Let's Try This Again
The Spirit of God. Has anybody heard the song 'Vision of You' by Shane and Shane? Probably my favorite song right now: it basically talks about inviting the Spirit to come and fill this earthly container (thanks Aunt Audrey) and letting Him be the focus. The song moves me every time I listen to it. By the way, if you haven't picked up the album Pages by Shane & Shane, you have some shopping to do. Anyway, I've been in this intense learning curve as of late as God prods me telling me that He wants more of me. Well, I don't know about you, but sacrificing more of me has always been a huge struggle of mine. It is so easy to grab life by the horns (which is what the world tries to convince us to do) and live it for ourselves with our own agenda.
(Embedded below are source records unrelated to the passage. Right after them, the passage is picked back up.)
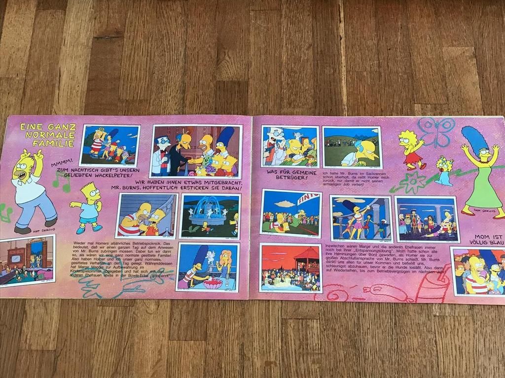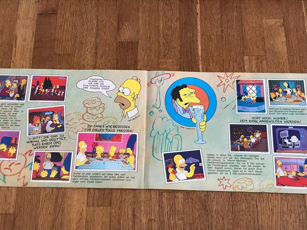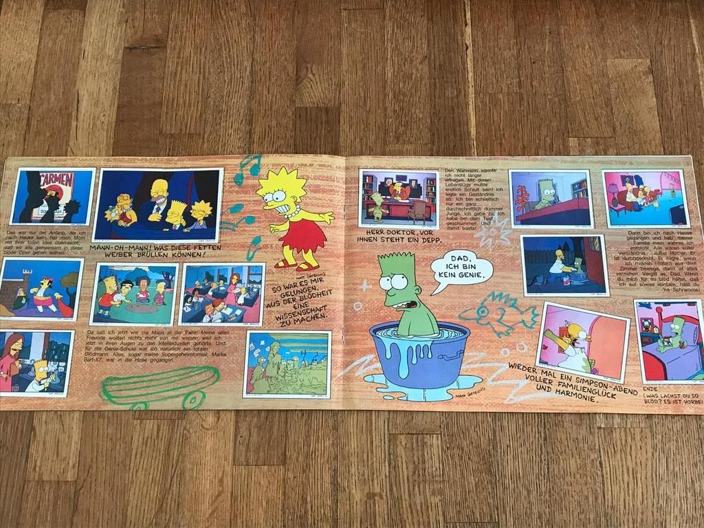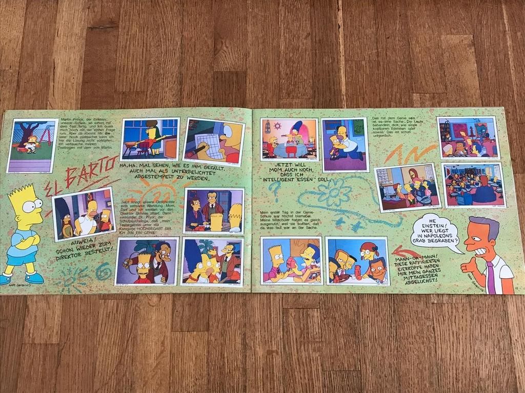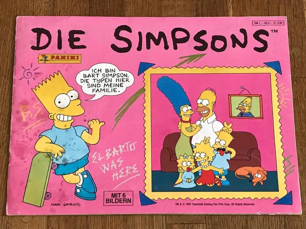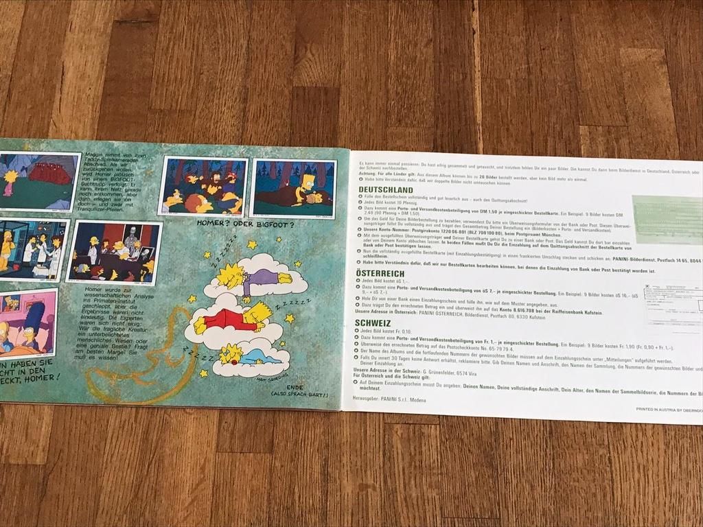 Álbum de figuritas, edición Panini, publicado en 1991, y los dibujos animados de televisión, Los Simpson, Traje, 204 figurines. Los Simpson (The Simpsons) es una serie animada popular americana creada por el dibujante Matt Groening en 1987 para la Fox Broadcasting Company. La serie es una sátira del estilo de vida estadounidense, personificada por la familia Simpson, protagonista de la obra, cuyos miembros son Homer, Marge y sus tres hijos Bart, Lisa y Maggie. Situado en la ciudad ficticia de Springfield, la caricatura es de humor en muchos aspectos de la condición humana, incluyendo la cultura, la sociedad y la propia televisión. edición internacional. álbum en el estado general, como foo.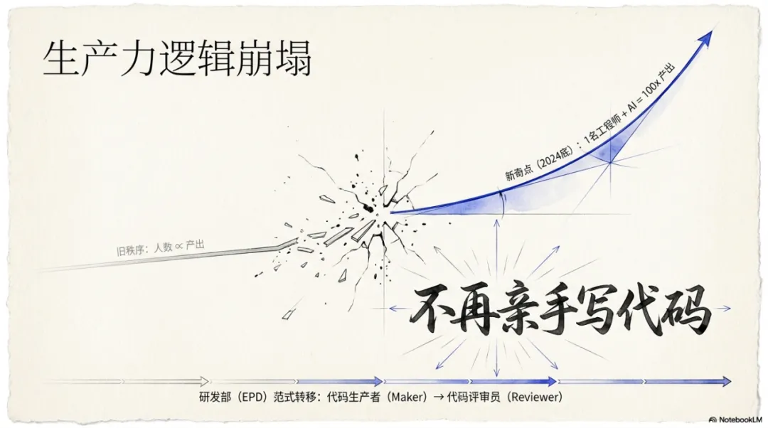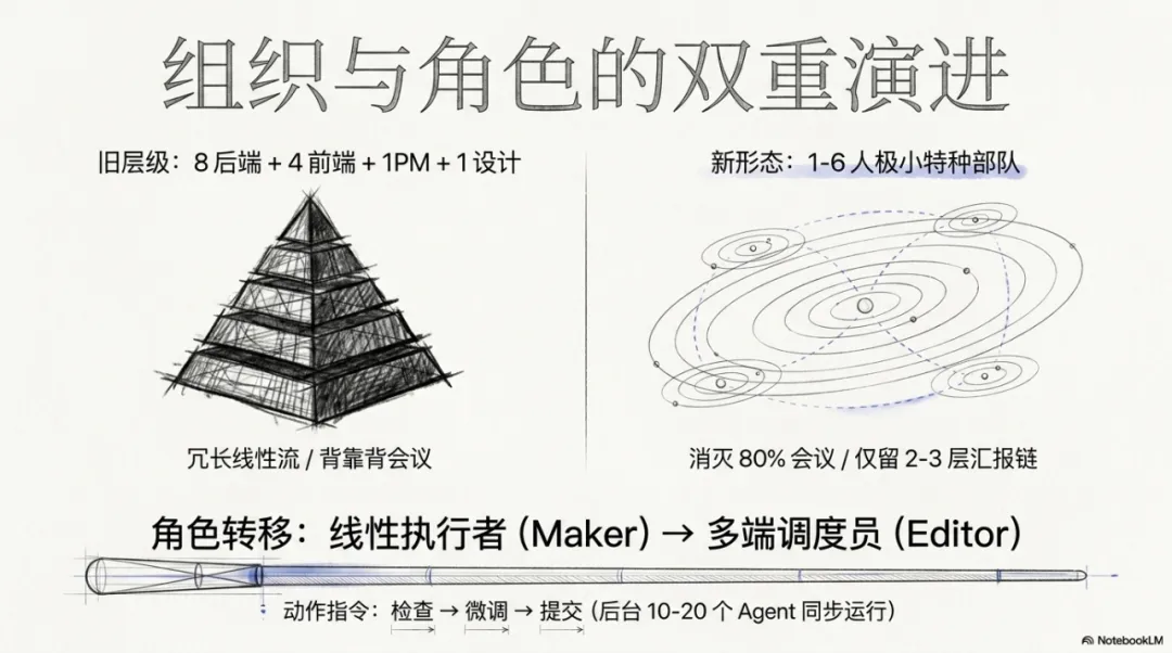 AI 工具让 1 到 2 名工程师的生产力提升 10 到 100 倍 组织结构从层级制转向 1 到 6 人的极小规模灵活小组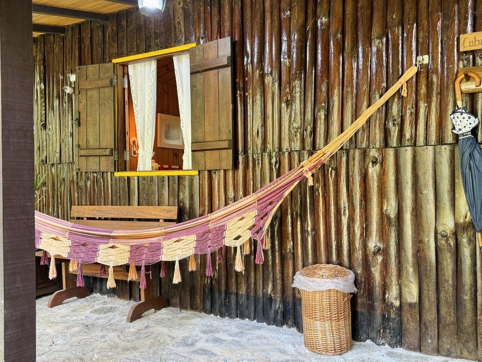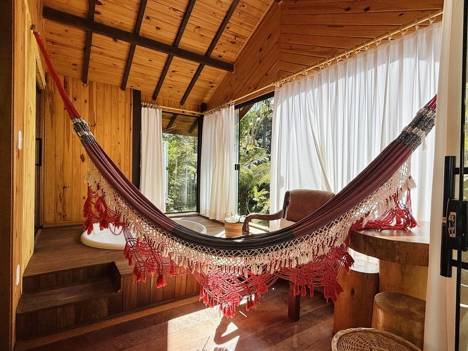 Cabana Gioia — Gioia significa alegria em italiano, e aqui ela se revela em cada detalhe. Um refúgio de 50m² feito para corações que amam com leveza. A hidro convida a brindar o amor com vista para o bosque, enquanto o riacho sussurra segredos ao fundo. Na varanda, a rede embala dois corpos que descansam juntos, em silêncio ou riso. Um lugar onde o tempo desacelera e o amor encontra espaço para florescer. 💛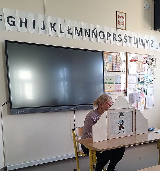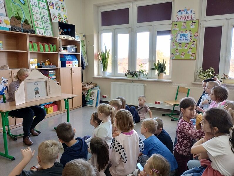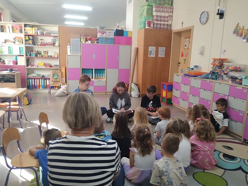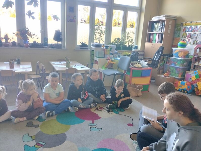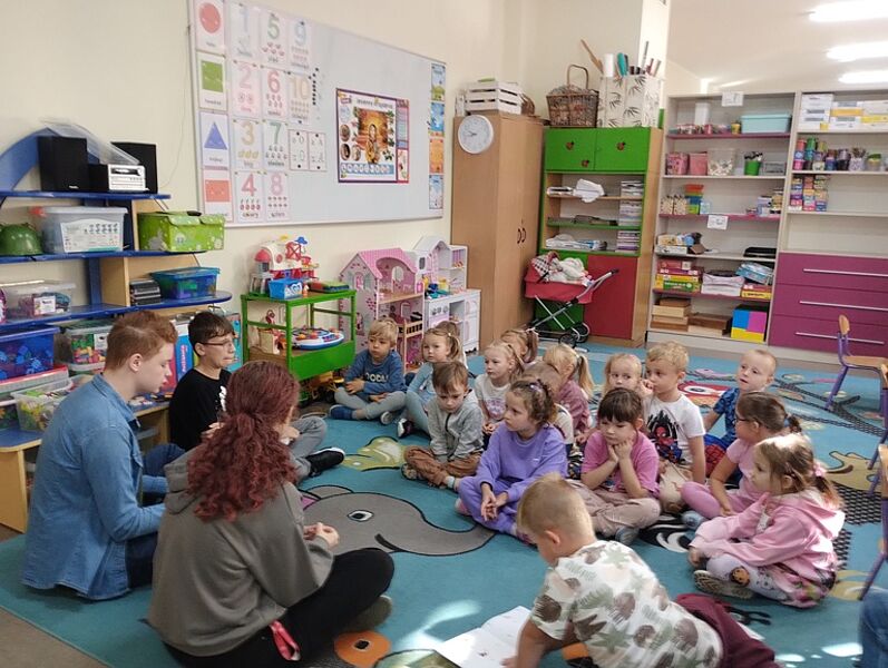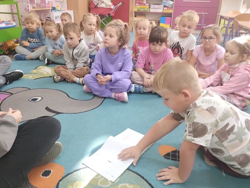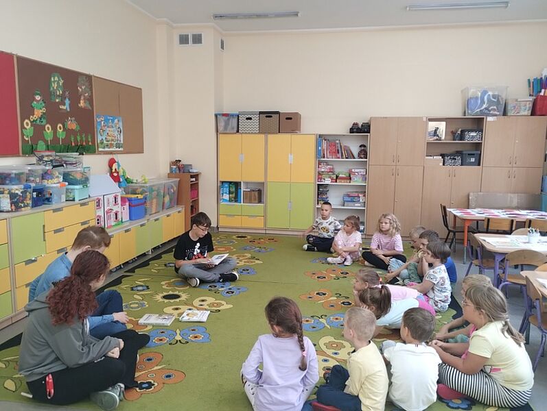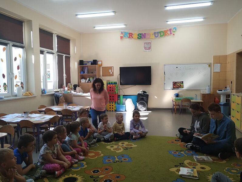 Pierwsze działanie w miesiącu poświęconym bibliotekom i ich funkcji integracyjnej odbyło się pod hasłem ,,Najstarsi dla najmłodszych”. Troje ósmoklasistów odwiedziło Przedszkole Miejskie w Krośniewicach, czyli naszych sąsiadów zza ściany. Zuzanna Manikowska, Oliwier Bloch i Karol Jóźwiak w grupach sześciolatków odczytali teksty Renaty Piątkowskiej pochodzące z tomów ,,Opowiadania do chichotania” i ,,Opowiadania z piaskownicy”, natomiast pięciolatki wysłuchały historii z cyklu ,,Masza i niedźwiedź”. Zabawne przygody bohaterów literackich spodobały się przedszkolakom – chętnie rozmawiali o tekstach i docenili ich humor.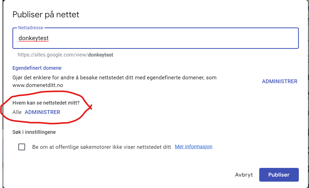 First, we create a site that we want to be public. Here’s an example of a published Google Site: https://sites.google.com/view/donkeytest/start. We publish this one as visible for everyone.

My good buddy Luke Heidebrecht and I were talking on the phone a week ago, an he mentioned that if our goal on earth is to serve and glorify God, why would we want to do anything else? Living our lives for ourself seems to always end with a need that cannot be filled. And then we go on trying to fill these needs that can't be filled. I can't count the times that I've had to relearn trust. Why can't I regularly trust God with my life? I think it might have something to do with pride. Pride is all about ME. It's totally counter-sacrifice and it continually pulls me away from seeking God's will in the fullest. Praise Jesus that He has never and will never give up on me. He keeps tugging at my sleeve, beckoning me.
The last few weeks have been quite the "wrestle match" with God. I've been trying to listen more for God's voice instead of filling the silence with my own words, and it seems that God has been waiting and anticipating this change in conversation for a while. It's amazing how God has the right words for our lives if only we will listen with our hearts.
Back to the Spirit of God.
I desperately need the Spirit to fill and work in me. I desire my vision to be centered on Jesus. Even though you're here, Jesus come.